The pellet-firing shotgun, a 12-gauge pump-action shotgun, fires metal pellets and is deployed by the Central Reserve Police Force and the Jammu and Kashmir Police against protesters extensively during 2016 unrest, triggered by the killing of Hizb-ul-Mujahideen commander Burhan Wani. 

According to human rights organizations, the shotgun cartridges contain 500 to 600 pellets that resemble ball bearings. The ammunition is made of lead alloy that is fired at a high velocity, thereby dispersing the metal pellets over a large area. “Experts claim that there is no way of adequately controlling the trajectory of these shotguns beyond a limited range, which makes them inherently inaccurate and indiscriminate,” the report says. 

The pellet-firing shotgun was first used in Kashmir during mass protests in 2010 and it is not known to have been used against protesters anywhere else in India.

The Central Reserve Police Force, it says, claims the pellet-firing shotgun was the “least lethal” option they have at their disposal for crowd-control.

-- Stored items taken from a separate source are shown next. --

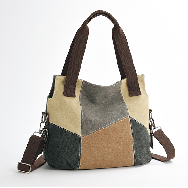 パネル切替がお洒落な2WAYバッグ! しっかりとした綿のキャンバス地をマルチカラーでパッチワーク風に切替えました。 マチが広く、たっぷり収納なのも魅力の一つ。 取外せるショルダーベルト付で斜め掛けもOK。 便利な背面ポケット付。 ●2way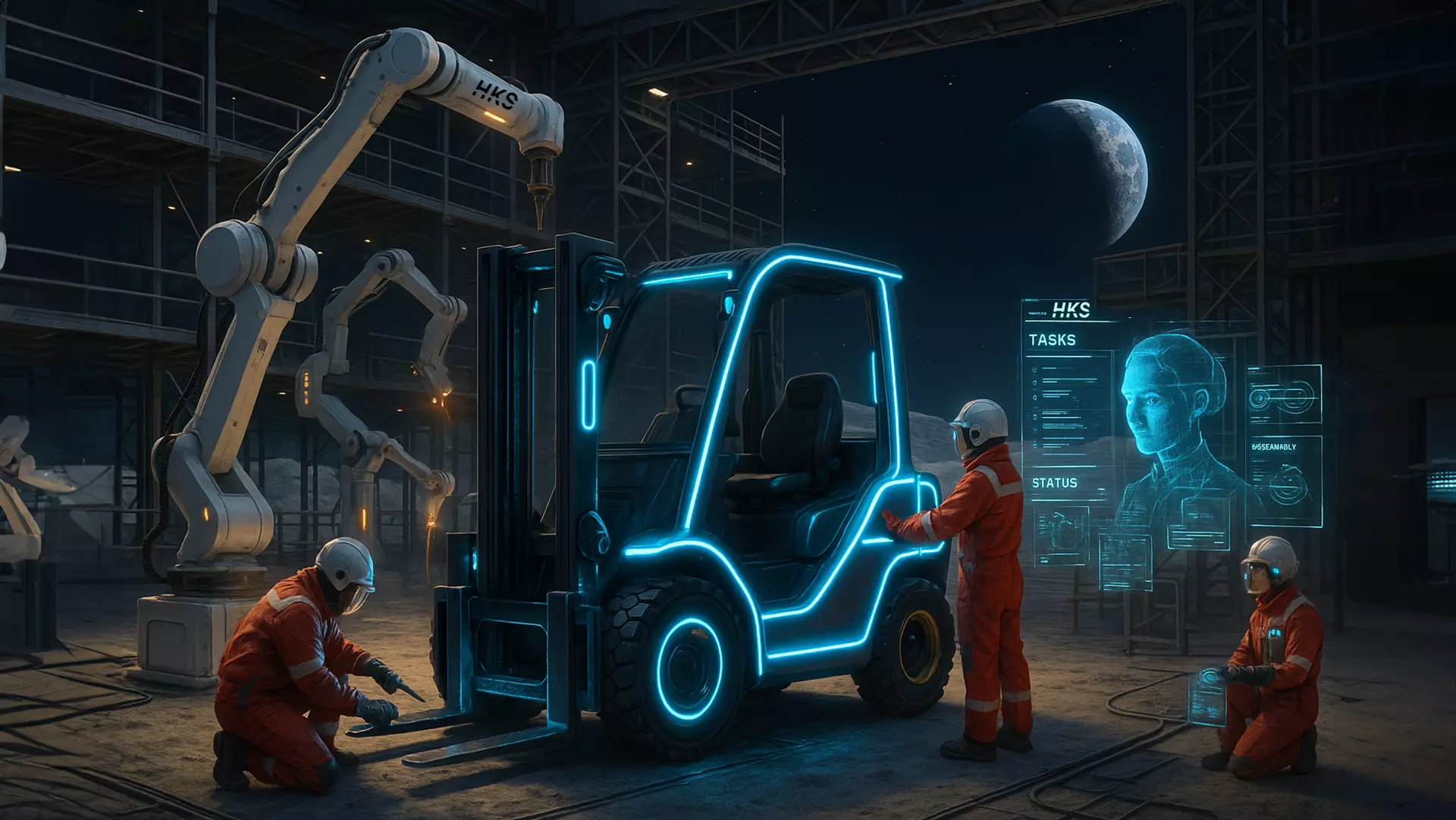 Denn auch auf dem Mond braucht’s manchmal jemand, der wirklich vor Ort ist, um eine Palette wieder richtig hinzustellen.
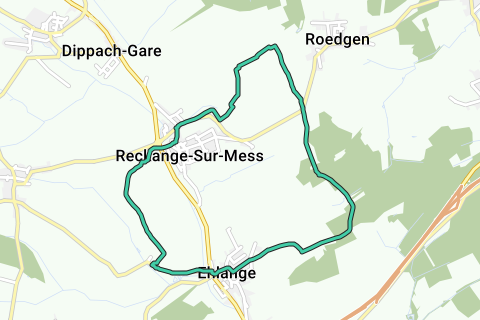 Leuk u te ontmoeten: Reckange-sur-Mess. Deze route is geasfalteerd en geschikt voor een kinderwagen. Deze tour valt samen met een GR-pad.

However, it said, the pellet shotgun use by law enforcement agencies resulted in multiple deaths and serious injuries of hundreds civilians between 2016 and 2018. According to official figures presented in the Indian Parliament, 17 people were killed by pellet injuries between July 2016 and August 2017. As per information received by the Jammu and Kashmir State Human Rights Commission (SHRC) from 10 districts of the Kashmir Valley, 1,726 people were injured by metal pellets in 2016 alone. In January 2018, Chief Minister Mehbooba Mufti stated before the state assembly that 6,221 people had been injured by pellet guns in Kashmir between 8 July 2016 and 27 February 2017; among the victims, 728 had eye injuries. The Chief Minister Mehbooba Mufti reported that 54 people suffered some form of visual impairment due to pellet injuries. Civil society organizations claim that the number of people partially or completely blinded due to pellet injuries is higher. A right to information query found that 16 personnel from the Jammu and Kashmir Armed Police were also injured by pellet-firing shotguns. “A few months after violent confrontations between protesters and security forces in Kashmir left over 100 people dead in the summer of 2010,” it says. The Indian Ministry of Home Affairs commissioned a taskforce to produce standard operating procedures for the use of non-lethal measures in “public agitations”. “The 12-gauge pellet-firing shotgun used in Kashmir was not listed in the Standard Operating Procedures issued by the Bureau of Police

Research and Development in March 2011. A right to information application seeking to know the “efficacy and impact” of the pellet shotgun was rejected by the authorities on the grounds that this was sensitive information related to national security. In February 2018, the Union Ministry of Home Affairs told the Parliament that a state-run laboratory had conducted tests on the impact of metal pellets but has not published the results. 

In December 2016, the J&K High Court Bar Association petitioned the Supreme Court of India, seeking an immediate ban on the use of the pellet-firing shotgun.

Though a final verdict is awaited, the court observed during the hearing that it needed assurances from the authorities that pellet shotguns would not be used indiscriminately. 

The central government told the Supreme Court it continued to use pellet shotguns because all other alternatives such as tear gas, chili-based chemical shells and rubber bullets had failed to stop the protesters. In March 2017, the Union Ministry of Home Affairs told the Parliament that an expert committee set up to explore alternatives to pellet shotguns had recommended the use of a chili-based munitions PAVA (Pelargonic Acid Vanillyl Amide) shells, STUN-LAC (stun grenades and shells) and tear gas shells “to disperse rioters”. However, the Union Ministry of Home Affairs added that if these alternatives proved ineffective, security forces would resort to pellet shotguns.